The Pinarello Treviso was the second-in-line model under the Montello SLX in the mid-to-late '80's.  Built with Columbus SL tubing, it featured a painted fork and seat stays, with chromed chain stays. This model also featured the sloping fork crown.  On the road it is easily distinguished from the Montello by the single chrome chain stay. However, some older models of the Treviso (1981) did not have the chrome chain stay.

After the Montello SLX, Pinarello departed from his standard production design with parallel seat and head tube angles and created the Gavia.  This provided more saddle setback than the Montello or other Pinarello designs. Greg LeMond, the winner of the Tour de France in 1986, 1989 and 1990, promoted designs that pushed the saddle further back.  The Gavia was constructed of Columbus TSX tubing.  This model was available in red, blue with pearl white panels and pearl white with fluorescent splatter.

The Banesto Line was released in 1993 following Miguel Indurain's first two Tour de France (1991 and 1992) and first Giro d'Italia (1992) wins. Based upon Indurain's preference, all Banesto Line frames were constructed with Oria tubing. The Banesto Line was headlined by Indurain's Time Trial bike, debuting at the 1992 Giro with a remarkable advance in steel frames as it featured Tig welded custom aerodynamic tubing and custom aerodynamic seat post with internal shifter and brake cable routing. This TT bike represented an early example, possibly the first, of experimentation with airfoil tubing in the pro peloton. Only three of these TT framesets are known to have been constructed. Prior to the 1992 Giro, Indurain had ridden a Banesto painted TT bike with a round tubeset.
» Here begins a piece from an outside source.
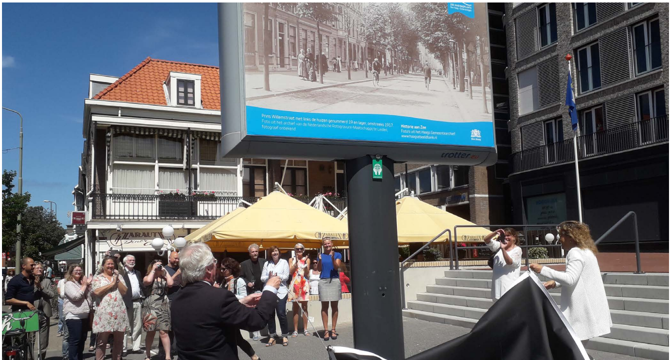
Willemstraat, opening Billboardecollection "Historie aan Zee | foto's uit het Haags Gemeentearchief

The Banesto Line included the Tig welded Ciclo Cromovan Record 93, the Ciclo ML 34 Record 93 with a chromed fork and chrome rear triangle as well as the Ciclo ML 25 Veloce 93. The Banesto Line were supplied with Campagnolo components, Mavic rims, Aci Inox spokes, Vittoria tires, ITM handlebars and Indurain's preferred Selle Italia Turbo saddles. Riding his Pinarello Banesto Line bicycles, Indurain was the last cyclist to win the Tour on a steel bicycle. In 1997, the steel Banesto Line had changed from the white frames to utilize standard Pinarello blue and white color schemes along with Banesto badging on the downtube. In 1998, the Banesto Line included the new Paris aluminum frameset and updated Pinarello logo.
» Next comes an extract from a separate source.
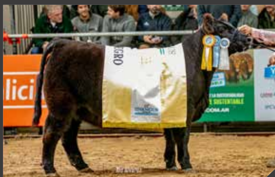
TERCER MEJOR HEMBRA

The Pinarello Paris in the mid-1990s was a 7005 series aluminium bike with an aluminium fork later replaced by the aria carbon fork. It was upon this frame that Jan Ullrich and Bjarne Riis won the Tour de France. Winner of the 2007 Editor's Choice award for a road racing bicycle from Bicycling Magazine, the Pinarello Paris FP is the premier monocoque, high modulus, unidirectional carbon fiber frame. In 2009, the FP6 replaced the Paris FP and F4:13.  The monocoque frame uses the same mold as the Paris FP, but with different carbon fiber (30HM3K).
Pinarello has been slow to jump aboard the all-carbon juggernaut, preferring to concentrate on its highly regarded magnesium-frame technology as showcased in the Dogma series of bikes. But the attraction and momentum of carbon is unavoidable, and while the all-carbon F4:13 hasn't displaced the Dogma at the top of Pinarello's line-up, it is clearly a serious and purposeful attempt to use the material's properties to best advantage, starting with one-piece main frame construction to exploit carbon's stiffness and low weight.

Contemporary road models
The Pinarello FP Uno was the current base model bicycle built by Pinarello evolving from its predecessor, the FP1. The FP Uno features hydroformed asymmetric 6061 T6 triple butted aluminium tubing. The next superior model is the Pinarello FP Due. Like the FP Uno, this has evolved from its predecessor, the FP2. The frame is constructed from 24HM12K carbon fibre. The Pinarello FP Quattro is built from 30HM12K carbon fibre and features carbon asymmetric stays with Onda carbon forks. The Quattro also utilises the new iCR internal cable routing system, which has been developed in house, by Pinarello.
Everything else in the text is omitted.